Je précise aussi, pour ceux qui l’ignoreraient, que lorsqu’une maison d’édition fait faillite, sont systématiquement et par priorité payés les fournisseurs, imprimeurs, éditeurs et secrétaires… mais que les droits des auteurs, eux, ne sont pas versés.
Bref, dans le domaine du livre, le producteur de base ( l’écrivain, qui touche ordinairement entre 5 et 10% du pris de vente hors taxe de chaque volume vendu ) est le dernier maillon de la chaîne dans le domaine de la rétribution, puisque les employés chargés de sélectionner, fabriquer et diffuser le livre, eux, bénéficient le plus souvent d’un statut ordinaire –mais privilégié ! - de salarié.

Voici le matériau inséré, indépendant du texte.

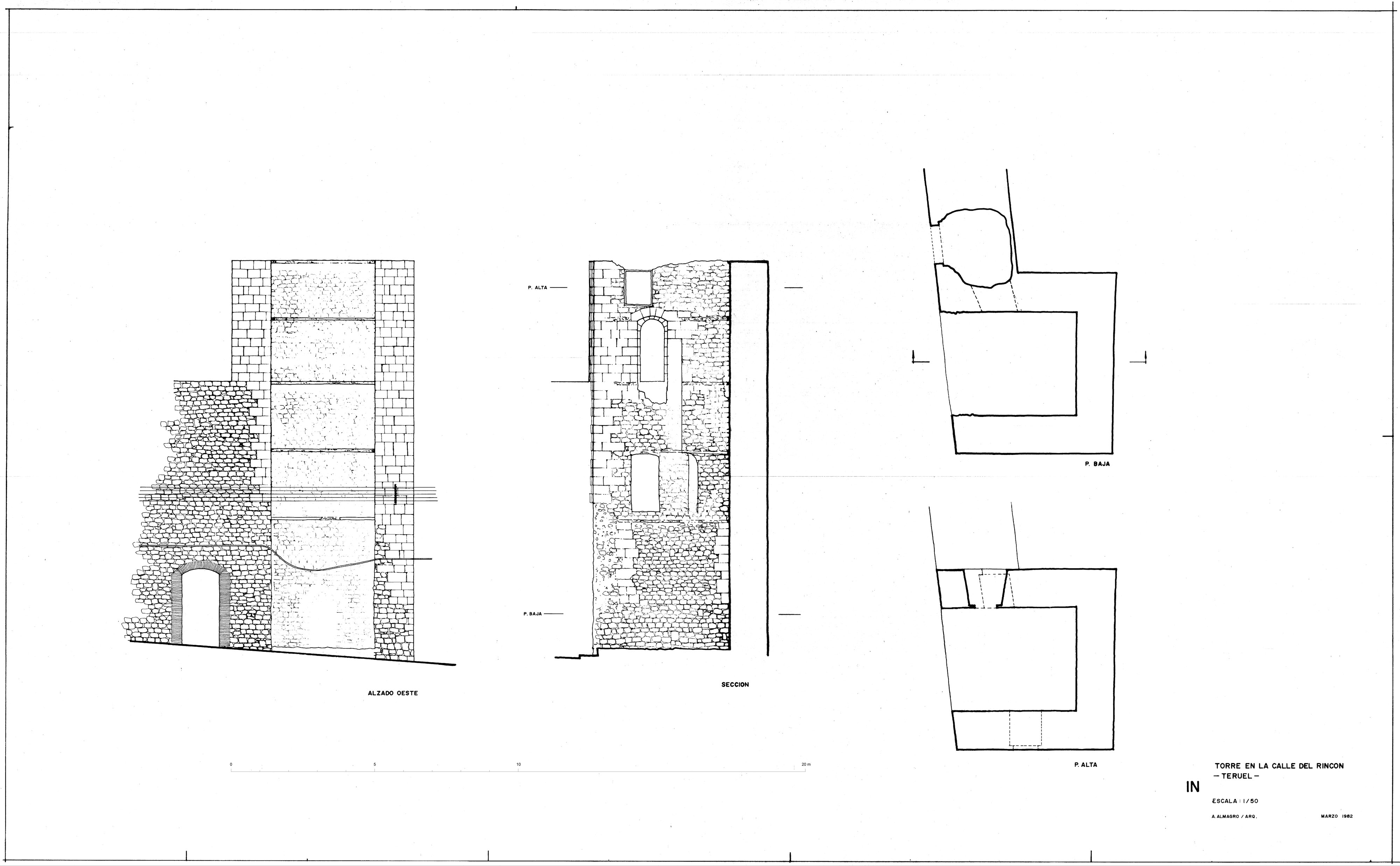 Plantas, alzado y sección de la torre de la calle del Rincón de Teruel. Estado inicial
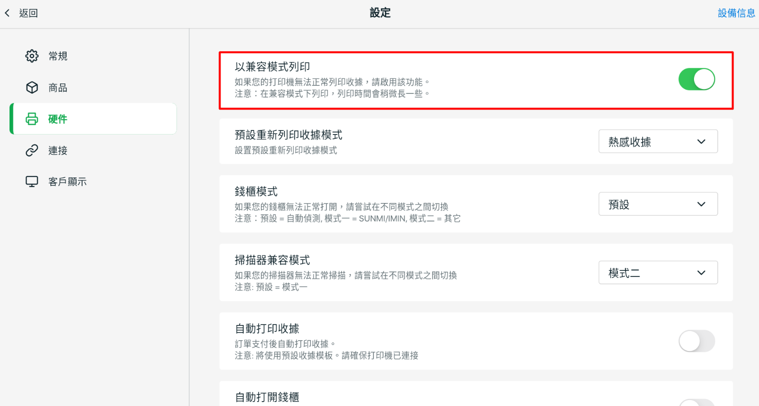 若您的打印機無法正常列印收據,您可以啟用以兼容模式列印。
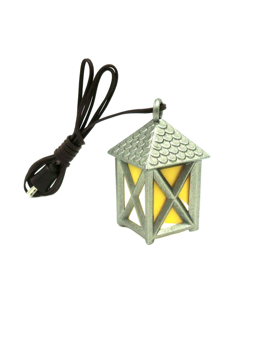 Die Laterne ist ca. 3,5 cm hoch und 2,3 cm breit, mit Anschlußkabel in Braun.
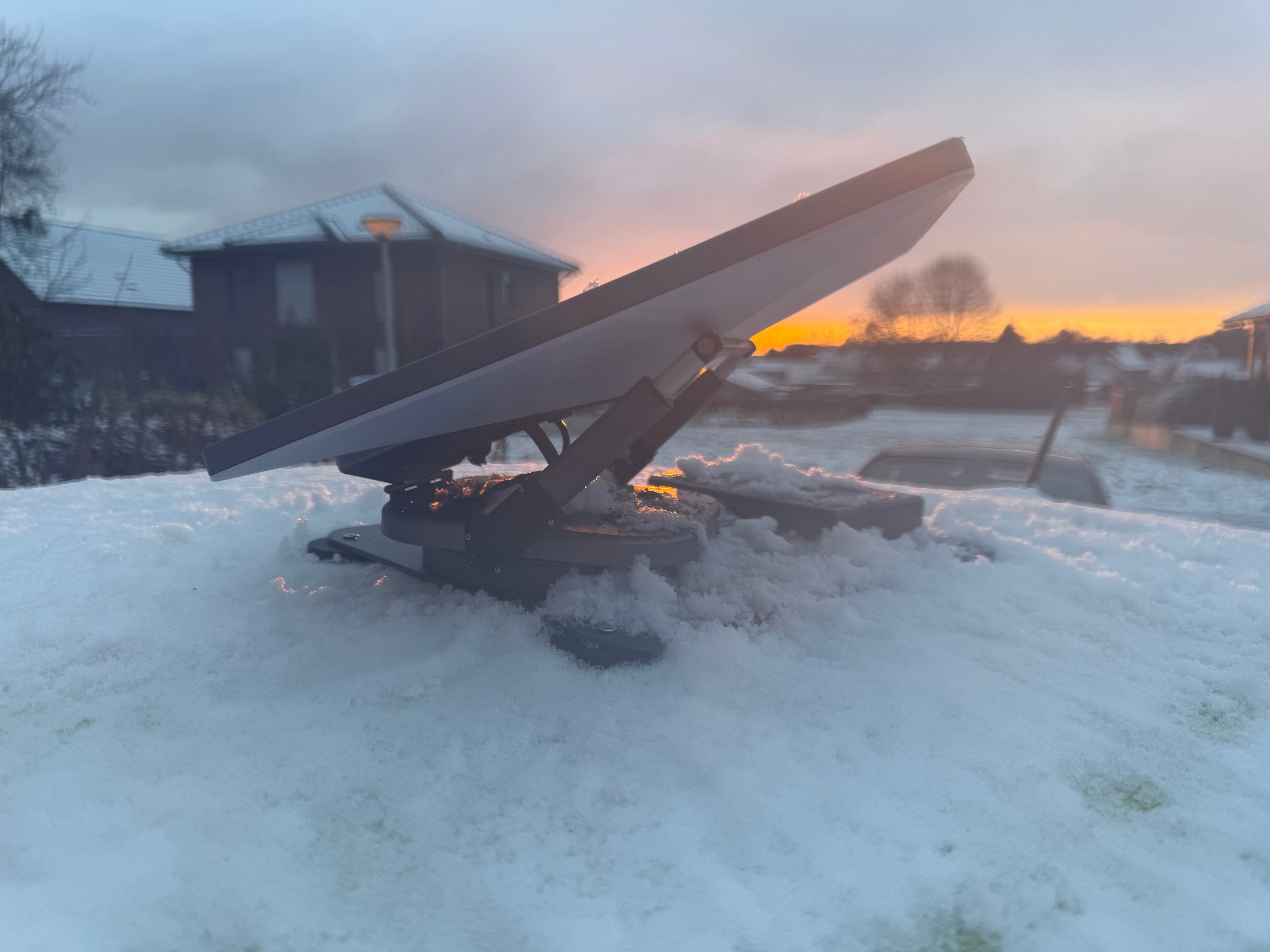 Our top of the line product, SpaceMoover is motorized mount just makes it easier to find a clear direction without climbing on the roof every time. You can literally check the Starlink™ app in one hand and use a 4-button remote in the other, rotate or tilt a bit, and instantly see the connection improve.
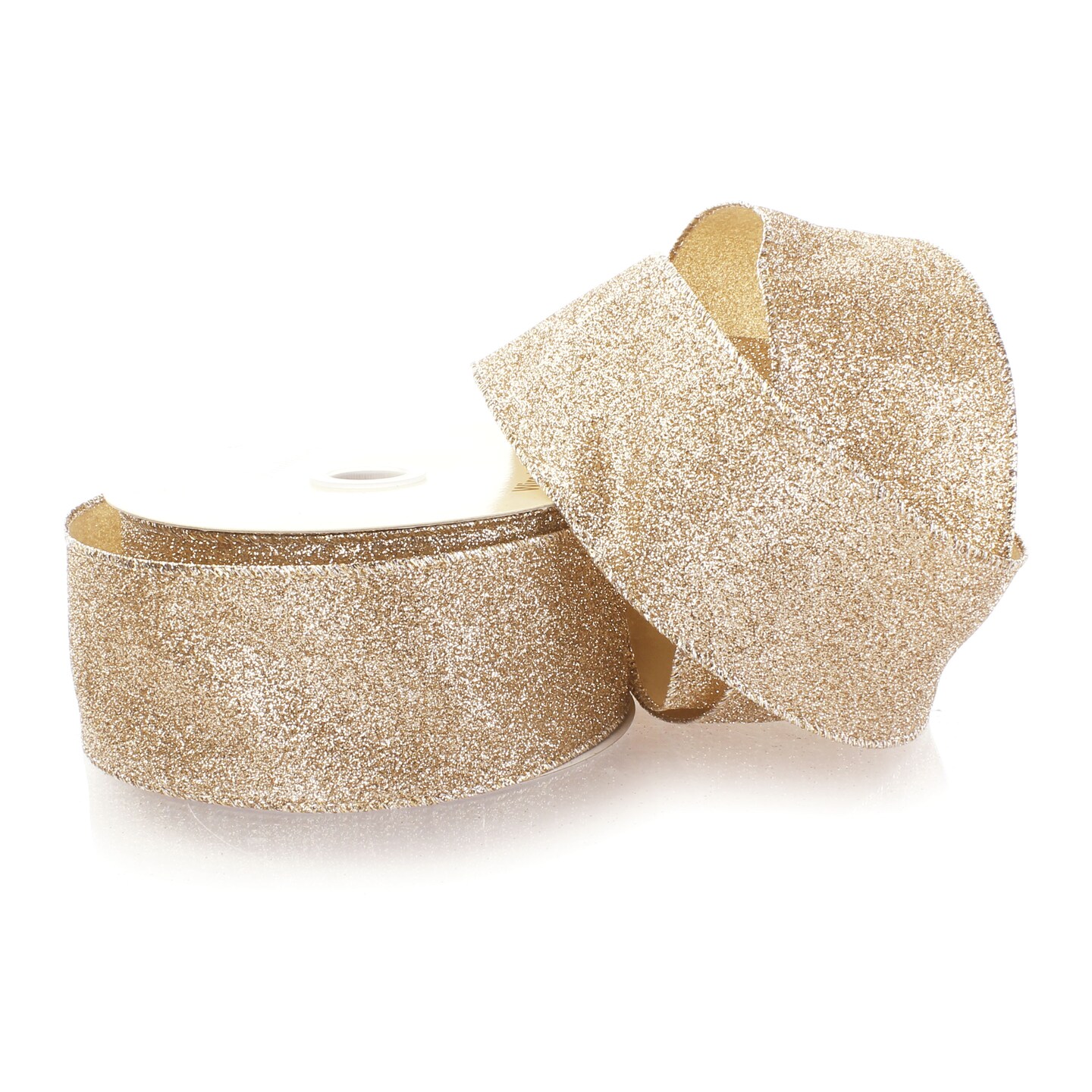 2.5" Wired Glitter Ribbon Light Gold - 10 Yards
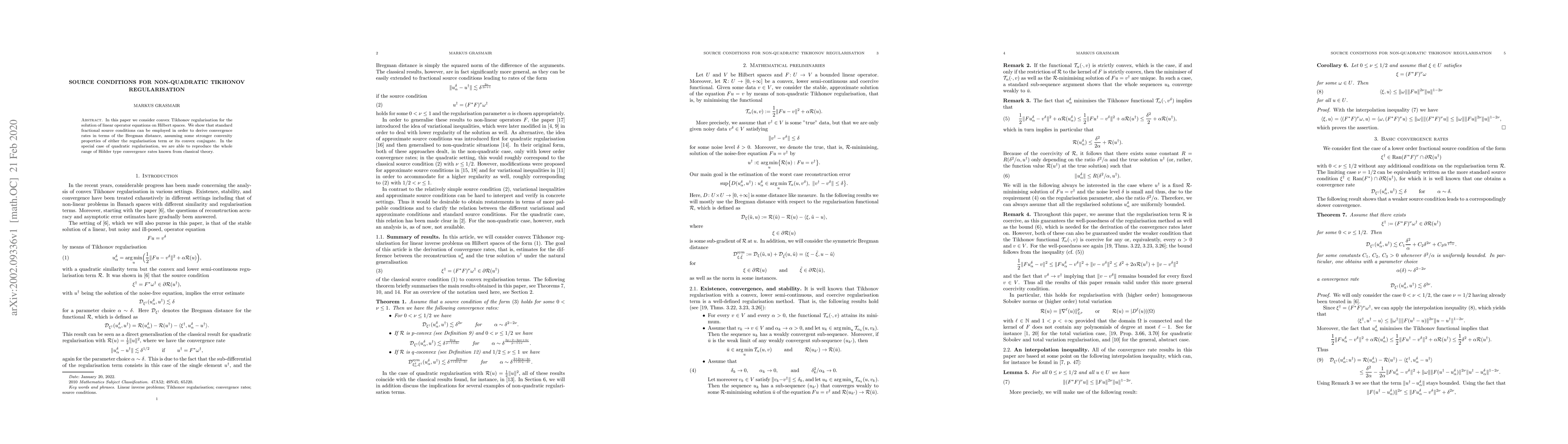 Researchers explore how fractional source conditions can improve convergence rates for solving linear operator equations using convex Tikhonov regularization. They successfully reproduced H"older type convergence rates for quadratic regularization.
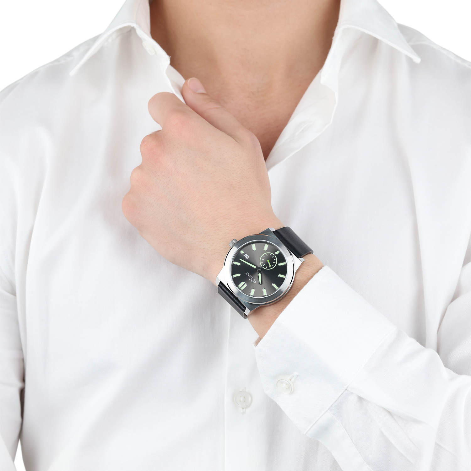 - Das Gehäuse und das massive Gliederarmband der Herrenuhr bestehen aus hochwertigem Edelstahl
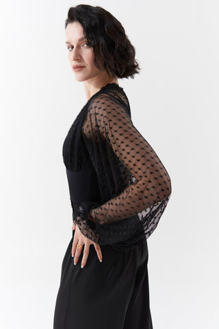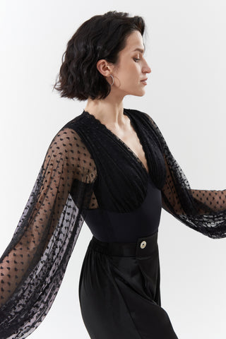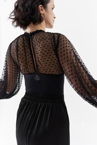 DANCE QUEEN 899-4 Black V Neck Lace Long Sleeve Ballroom Practice Dance Sport Leotard - S
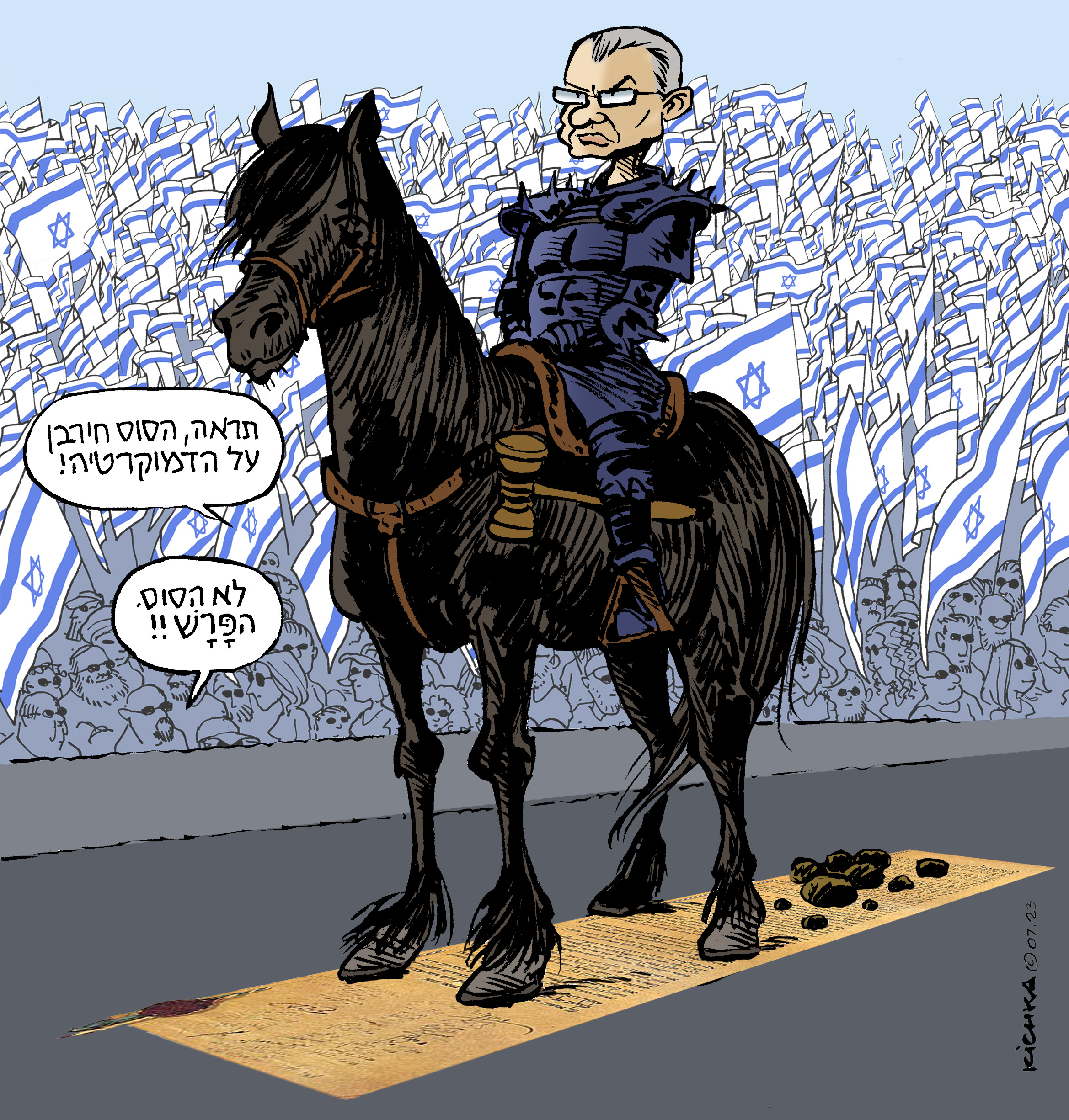Explication de mon dessin: le ministre de la Justice, Levine, en policier monté piétinant la charte de l’indépendance d’Israel. Un des manifestants: « Le cheval a chié sur notre démocratie! ». Un autre lui répond: « Pas le cheval, le cavalier! »

Et qu’on ne me rétorque pas : mais après tout, c’est normal, si un livre ne se vend pas, on ne voit pas pourquoi l’auteur serait indemnisé. Parce que dans le domaine du spectacle existent de grosses subventions sans lesquelles ( entre autres ) tous ceux qui travaillent dans les théâtres subventionnés seraient du jour au lendemain sans emploi.

Au bout du compte, la vraie question est peut-être celle-ci : à qui peut ( et doit ) bénéficier l’argent public ? La question mérite réflexion.
Parce que si l’on joue au jeu ( dangereux ) de l’offre et de la demande ( j’allais dire « de l’économie de marché pure et dure » ), il faut alors supprimer tout ce qui ne rapporte pas. Enfin, « ce qui ne rapporte pas immédiatement ».
Et parmi les questions annexes ou les parenthèses, on peut aussi se demander pourquoi ce statut d’intermittent ne pourrait pas toucher, euh… par exemple les peintres ?
Imaginons ( mais on rêve ! )  que Van Gogh ait touché de son vivant le millième des bénéfices générés par les futures ventes successives de ses tableaux ! Eh oui, là encore, il arrive que la création rapporte - mais davantage, bien davantage aux spéculateurs qu’aux créateurs.
Un artiste est par définition isolé. Que vaut-il quand…ceux qui raflent la mise sont ceux qui s’organisent ?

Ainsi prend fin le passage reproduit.